Selective extraction, solubilization, and reversed-phase high-performance liquid chromatography separation of the main proteins from myelin using tetrahydrofuran/water mixtures.

The number of solvents capable of dissolving myelin and proteolipid protein (PLP) and of being used as a mobile phase for the separation of myelin proteins by reversed-phase high-performance liquid chromatography (RP-HPLC) is very limited. In a thorough study, we found that aqueous tetrahydrofuran (THF) fulfilled such a requirement. The maximal amount of protein extracted corresponded to a THF/water ratio of 4:1 v/v and a polarity index of 5.16. This mixture dissolved a purified PLP preparation completely, 60% of proteins from fresh myelin, and 20% of white matter total proteins. Sodium dodecyl sulphate-polyacrylamide gel electrophoresis (SDS-PAGE) of those extracts, followed by densitometric analysis, showed that the amount and type of proteins dissolved depended on the polarity (i.e., the content of water) of the solvent mixture used.

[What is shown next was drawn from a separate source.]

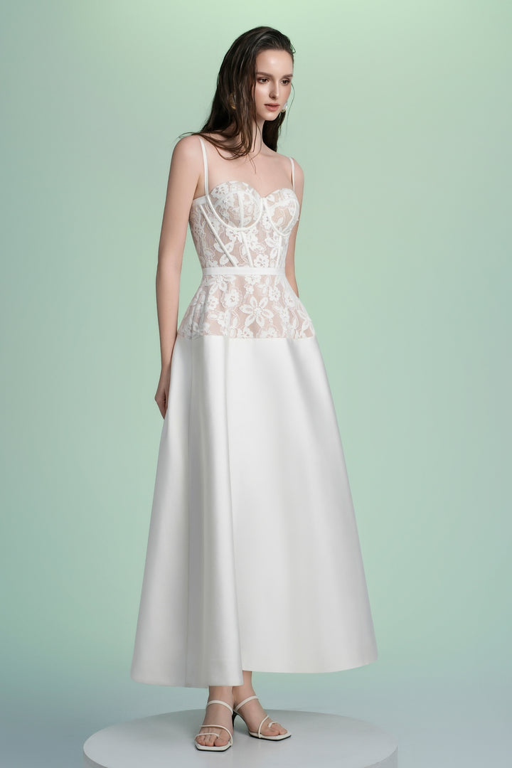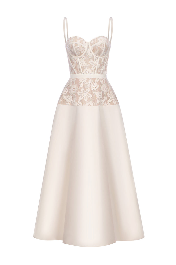 The dress features a structured chest cup design that enhances silhouette definition while providing support. Crafted from lustrous taffeta, this midi-length dress offers a refined shape with its classic A-line cut, ensuring both elegance and comfort. Ideal for formal occasions, it combines sophisticated tailoring with a flattering fit to elevate your wardrobe.
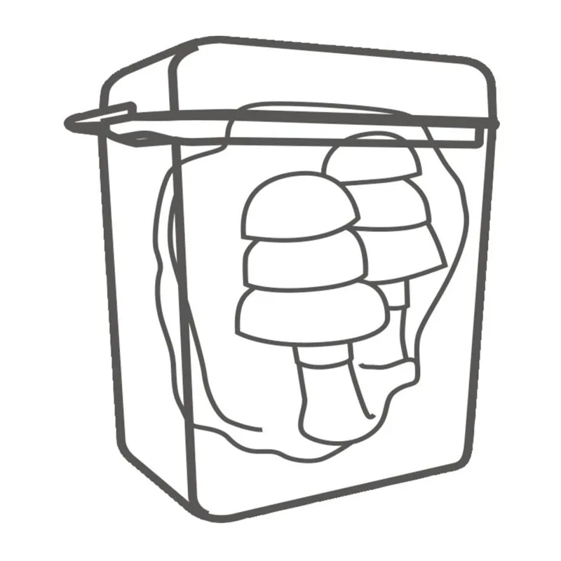 Caixa com 50 pares de tampões auriculares reutilizáveis em TPR com cordão têxtil.

This selective effect was greater for basic protein in myelin preparations. Crude extracts highly enriched in basic protein can be prepared. In addition, the solvent system THF/water proved to be very useful as a mobile phase in RP-HPLC for separating myelin proteins. Using a C3 column and a linear gradient from 30% to 100% THF in water, both containing 0.1% trifluoroacetic acid (TFA), we separated completely the three main protein fractions of central nervous system (CNS) myelin in a short period of time. The high solubility power of THF/water mixtures prolonged greatly the life of the column.